Solving Equation (5) employing the augmented Lagrange multiplier (ALM) approach, the solution of the equation can be obtained as: $[\begin{matrix} 0 & e^{T} \\ e & \tilde{K} \end{matrix}] [\begin{matrix} b_{1} \\ α \end{matrix}] = [\begin{matrix} 0 \\ y - ɛ_{1} e \end{matrix}]$ (7) where $\tilde{K_{ij}} = k (x_{i}, x_{j}) + δ_{ij} / v_{i} C_{1}$ , with δ_ij = 1 (i = j) or δ_ij = 0 (i ≠ j) i, j = 1, 2, ⋯ , l. And weights ν_i = ρ (α_i < 0) or ν_i = 1 (α_i ⩾ 0) , ρ > 1.
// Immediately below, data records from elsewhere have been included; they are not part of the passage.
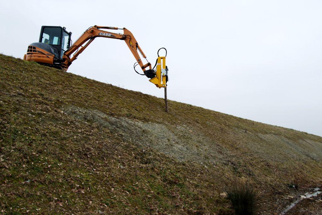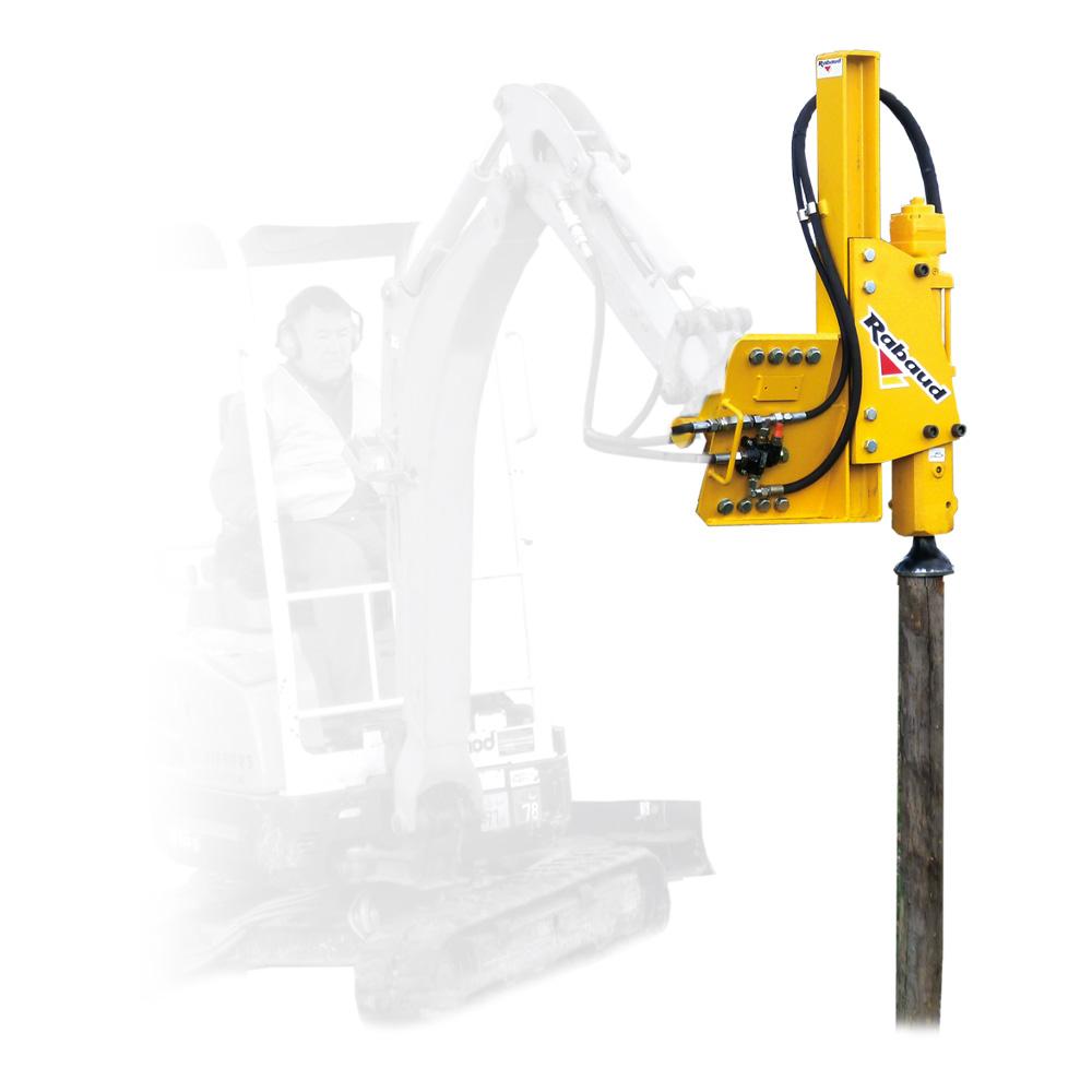 Enfonce-pieux par percussions adaptable sur mini-pelle, tracto-pelle, télescopique, chargeur… L’adaption est faite sur mesure selon le modèle de votre porteur et son attache.
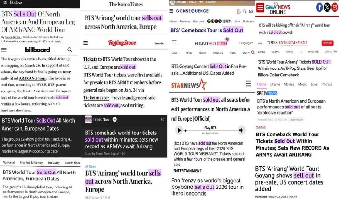 Với 79 đêm diễn ở 23 quốc gia và vùng lãnh thổ, BTS đang sở hữu quy mô tour "khủng" nhất trong số tất cả các nghệ sĩ K-Pop tính đến thời điểm hiện tại. Tuy nhiên, con số này rất có thể vẫn chưa ngừng lại với nhiều địa điểm sẽ được bổ sung trong năm 2027.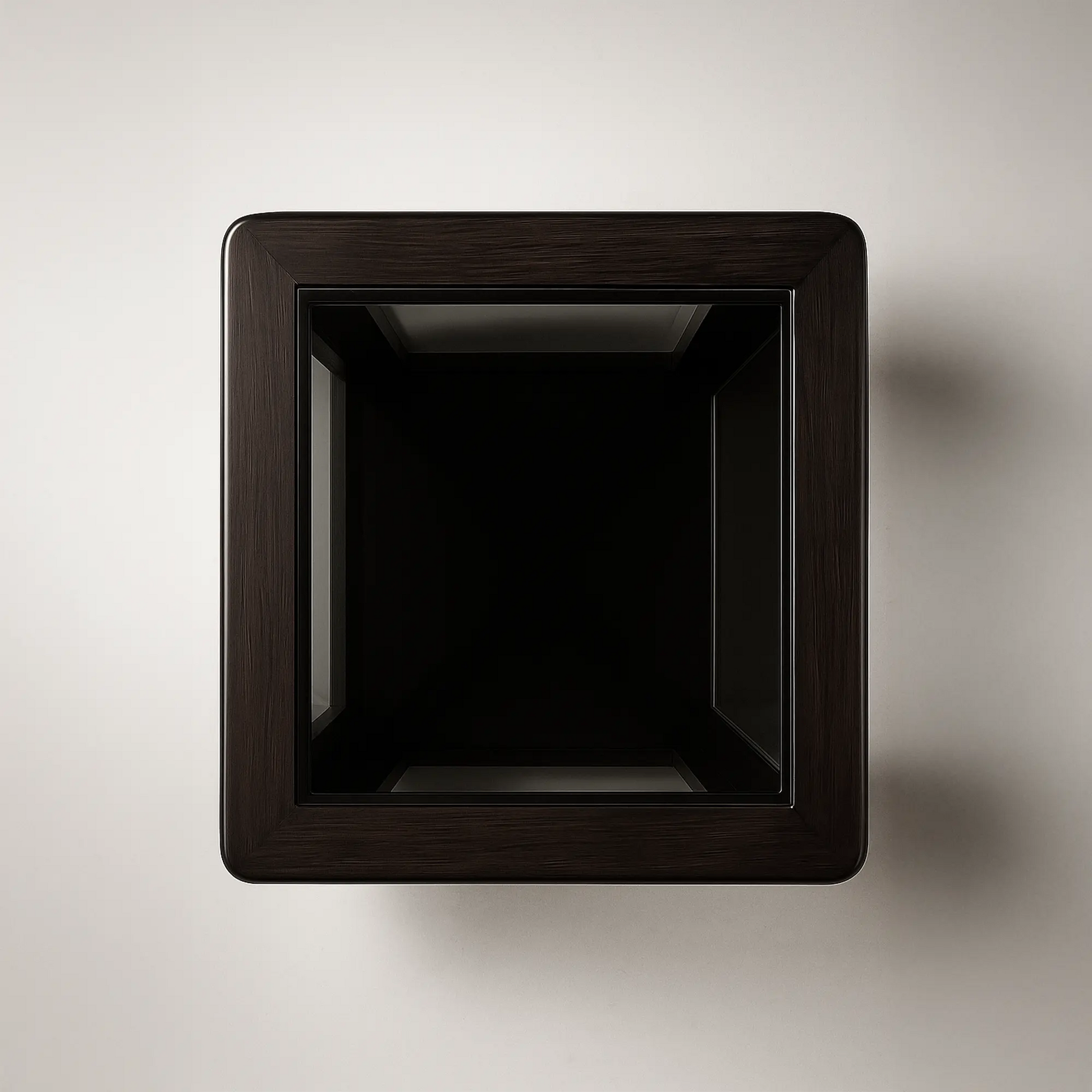 Modern square design: space-saving 21" × 21" top with sleek rounded edges.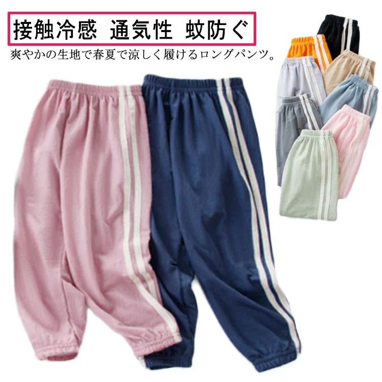 キッズ パンツ 夏 接触冷感 通気性 子供服 男の子 女の子 ズボン 虫除け 涼感 涼しい 2本ライン ロングパンツ サルエルパンツ 蚊防ぐ スウェット カジュアル ルームウェア 通園 通学 ベビー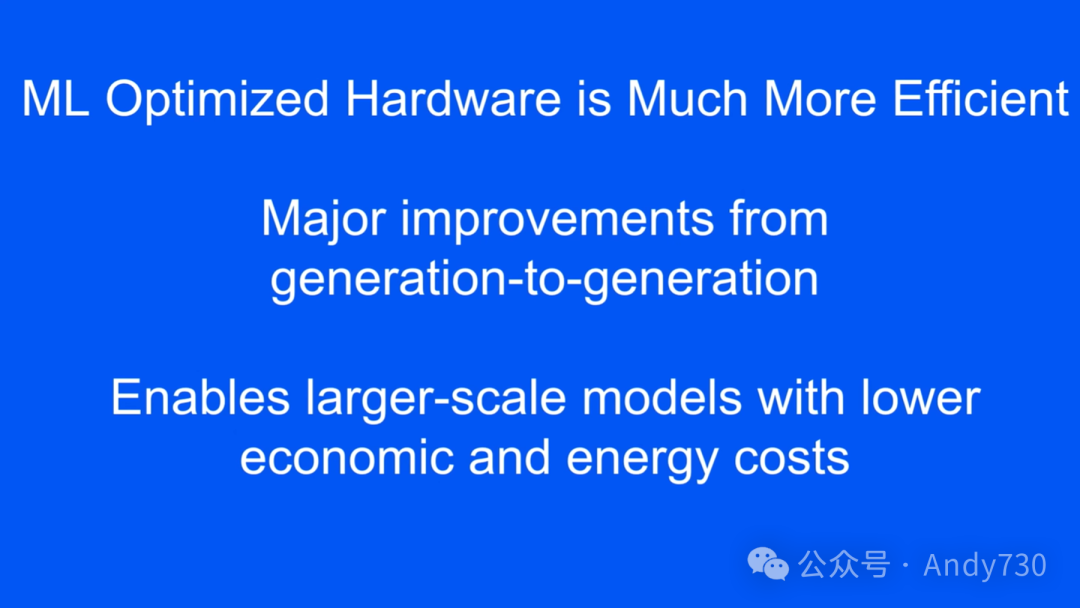 针对机器学习优化的硬件更加高效,每一代的改进都显著,这使得这些大规模模型可以以更低的经济和能源成本实现。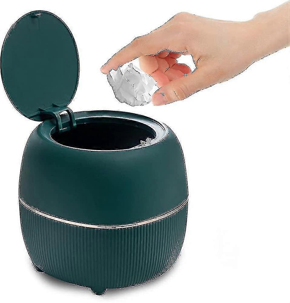 Mini Desktop Trash Can, Round-pressed Trash Can With Lid, Small Plastic Trash, Desktop Trash Can, Creative Light Luxury Trash Can, Household Mini Tras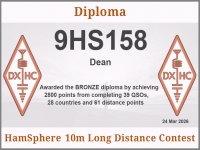 | HamSphere 10m long distance contest 2026 | 2026-03-21 10:00:00 | 2026-03-22 10:00:00 | 2026-03-24 00:00:00 | VIEW | ||||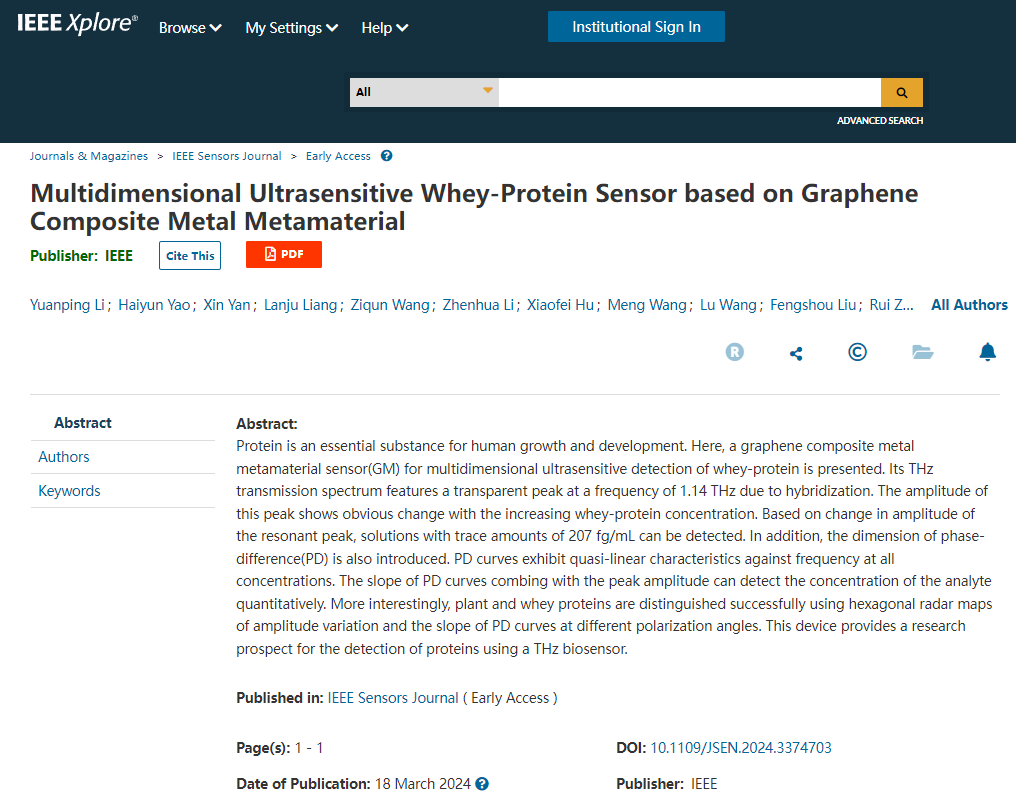 近日,公司山东省太赫兹科学技术及应用创新团队梁兰菊教授课题组制备了一种用于蛋白检测的多维高灵敏传感器,实现了207fg/ml的痕量检测及浓度定量分析。研究成果以“Multidimensional Ultrasensitive Whey-Protein Sensor based on Graphene Composite Metal Metamaterial”为题发表在《IEEE Sensors Journal》上(中科院二区)。该成果由公海gh555000aa线路检测、安徽理工大学合作完成。公海gh555000aa线路检测山东省太赫兹科学技术及应用创新团队李院平教授为文章第一作者,公海gh555000aa线路检测为第一署名单位。该研究工作得到了国家自然科学基金、山东省自然科学基金、山东省高校科技创新团队及人才支持计划等资助。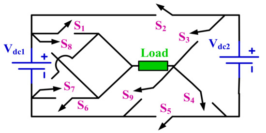 The proposed topology in this paper consists of nine active switches and two isolated DC sources, where the second source is fixed at half of the first DC source as shown in Figure 2. Switches S7, S8, and S9 are added to this circuit to provide more redundant paths for each output voltage level. As the number of redundant paths increases, the circuit has additional paths to obtain the required voltage if there is a fault in any switch of the circuit. The proposed five-level topology counters the drawback of experiencing a complete shutdown during the failure (OC) in switches S1 and S4. The output voltage level reduces to three-level during the failure in switches S2 and S3. The switching table of the proposed topology is provided in Table 2. Table 3 shows the potential switching states and viable output voltage levels if any switch from S1 to S9 fails (OC fault), taking one switch faulty at a time. As an example, if switch S1 fails, all of the five levels can be synthesized using one of the modes for each level from δ2, δ3, δ4, δ5, δ8, δ9, δ12, δ13, δ14, δ15, δ16, δ17, δ18, δ19, and δ20, as shown in Figure 3.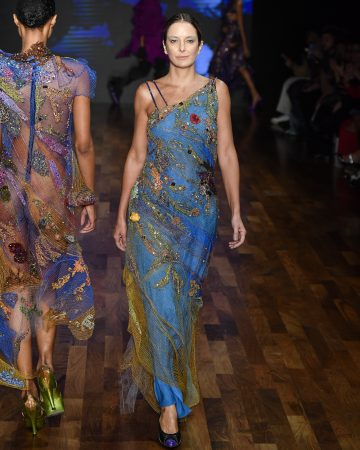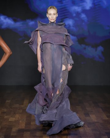 Com imagens de nuvens em movimento projetadas no telão, o desfile evocou a atmosfera de uma tempestade iminente. Em meio ao clima quase apocalíptico, surgiram criações volumosas, marcadas por nervuras elaboradas e recortes ousados — uma assinatura do estilista.

What is the lower bound prediction function of the LSSVR model is: $f_{1} (x) = \sum_{i = 1}^{l} α_{i} k (x_{i}, x) + b_{1} .$

Similarly, the upper bound prediction function of TLSSVR can be expressed as follows: $f_{2} (x) = \sum_{i = 1}^{l} α_{i}^{*} k (x_{i}, x) + b_{2} .$

2.3 Extreme learning machine

ELM was originally developed by Huang [33, 34] for single hidden layer feedforward neural networks [35]. The remarkable advantages is that the hidden layer nodes do not need iterative adjustment, which brings a further breakthrough to the research of feedforward neural network. Considering a set of data set ${(x_{i} y_{i})}_{i = 1}^{N}, i = 1, 2, \dots, N$ consisting of N learning samples, where g (w, x, b) designates the activation function of the ELM. The mathematical expression of the ELM output function [36] with L hidden nodes is as follows: $f (x) = \sum_{i = 1}^{L} β_{i} g_{i} (w_{i} x_{i} + b_{i}), i = 1, 2, \dots, N$ (8) where β_i = [β_i1, β_i2, ⋯ , β_im] ^T is the output weight between the node of the ith hidden layer neuron and the output neuron, w_i = [w_i1, w_i2, ⋯ , w_in] ^T indicates the input weight between the ith hidden layer neuron and the input layer neuron, b_i is the bias of the ith hidden layer neuron. w_ix_i is the inner integral product of the two parameters w_i and x_i, and f (x) is the practical output of the grid. The intermediate matrix generated by the mapping of the hidden layers in the network of the ELM is represented as follows: $\begin{matrix} H = h (x) = [\begin{matrix} g (w_{1} x_{1} + b_{1}) & \dots & g (w_{L} x_{1} + b_{L}) \\ ⋮ & ⋱ & ⋮ \\ g (w_{1} x_{N} + b_{1}) & \dots & g (w_{L} x_{N} + b_{L}) \end{matrix}] \end{matrix}$

Equation (8) can be formulated in the following form: $H β = T$ (9)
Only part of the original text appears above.